The overall result is that for this reviewer the Up band ended up as a nagging presence in my life, not an encouraging one. While Nike has nailed the 'Good Job, Go Further!' rhetoric in its own line of fitness apps and products, the Up is too ready to criticise rather than encourage.
Why this should matter at all isn't obvious unless you've used it. This is just a gadget after all, which you can ignore if you want to. But the effect when you're wearing it is profound. With the Fuel Band, I wanted to run further, walk more often and push myself to get to my daily goal. With the Jawbone Up I began to fear syncing the device, lest my sleep proved inadequate, my fitness below par and my diet over-saturated with something nasty.

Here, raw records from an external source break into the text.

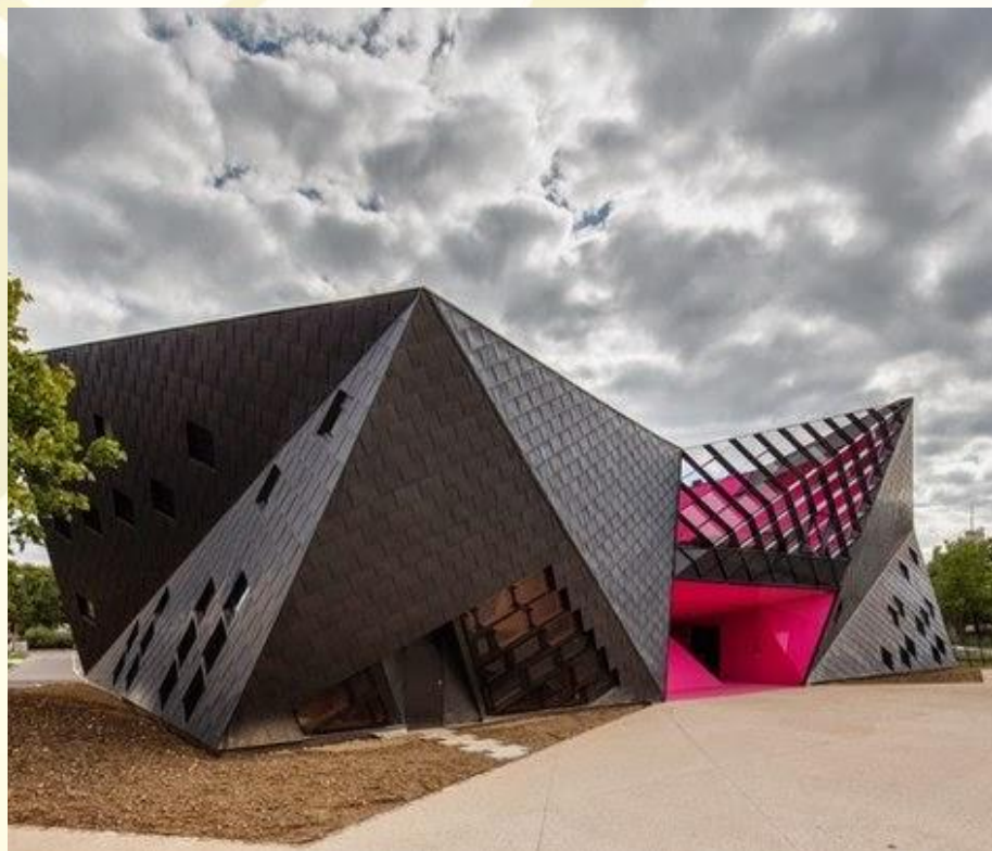
Культурный центр в городе Мюлуз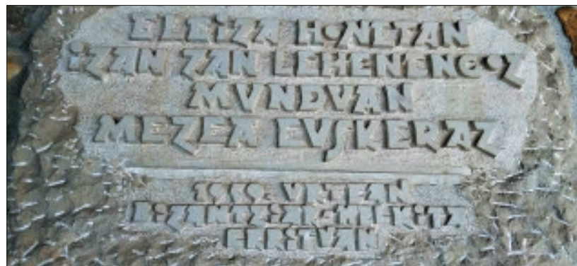
Oroipen-plaka Arrazolako elizan.

Arrazolako San Migel parrokian eman zen euskarazko lehen meza, 1959ko ekainaren 21ean , eliza katolikoak herri hizkuntzak erabiltzeko baimena eman baino sei urte lehenago.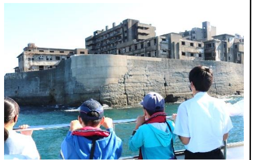
軍艦島を目の前にし、その壮大さに息をのむ子どもたち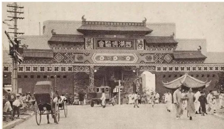
Figure 1. Entrance building interior 图 1. 入口建筑 ①

在国际博览会的内部设计方面, 中国常常采用宫殿式风格(图 1)。这种设计风格在中国展馆中地应用, 实际上是中国政府在国际舞台上传达国家形象和立场的一种方式特别是, 中国借助中国牌坊的形式, 展示了国家自尊心以及本土产业的重要性, 这种中国牌坊设计并非一时之选, 它在多次国际博览会中都得到了应用。在国内举办的各种展览中, 其场馆的设计往往都是以本国产品为主题的, 这设计背后的目的是为了抵制外国货物, 以促进本土工商业的发展。这一做法不仅强调了本土产业的重要性, 还反映了博览会作为一个场所, 用以表现民族主义情感的重要性。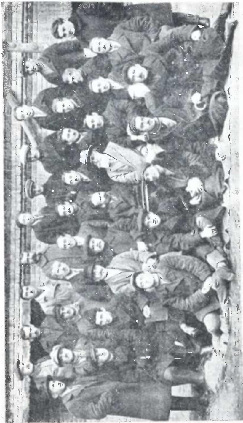
აგრონომიულ ტენიკუმის და სოფლის ახალგაზრდობის სეფლების აგრონომ-მასწავლებელთა კონფერენცია.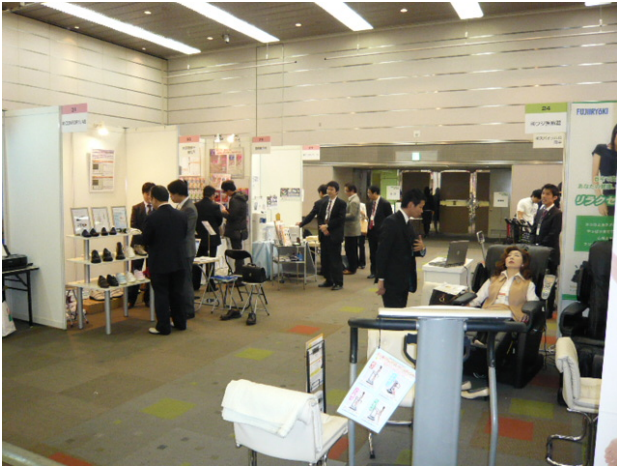
図表 1-7 マッチング会の様子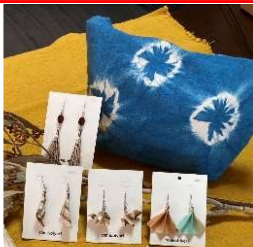
ミニトートバッグ・イヤリング ※絞り染めとまだら染め

The result is that while the Up is arguably more useful than the Fuel Band, records more data and is more 'actionable', to use a horrible corporate word, it's not as much fun. And yes, like the Fuel Band it's also pretty pricey. Each band is £99, and while none of our friends had one (meaning we couldn't test its many appealing social features) it's more useful in groups, meaning you might even want to buy two or more for your family group.
VERDICT:
All of that said, it's hard not to recommend the Up -- for some people, at least. Including, on balance, myself
For users who want something durable, water-resistant and reliable to track their movements and sleep, and quench the thirst for ever more Data about the self, it's a good choice. The software, for all its faults, is well designed, and it will help build good habits that will make a genuinely positive impact on your life. You'll be complemented on the design, and you'll feel better. So £99 well spent.
But for users on the fence it's worth treading cautiously here.
For the thing about fitness, and diet, is that a little awareness goes a long way. Paying attention to your exercise habits, calorie intake and sleep patterns is handy, but fixating on them is narcissistic. And having someone else fixate on them for you - and nag you about it - is basically an untenable way to live.
The role of a fitness gadget is to promote the former, and not to enable the latter two of the three.
The problem with Jawbone Up is that - not always, but a little too often - that's unfortunately what it does.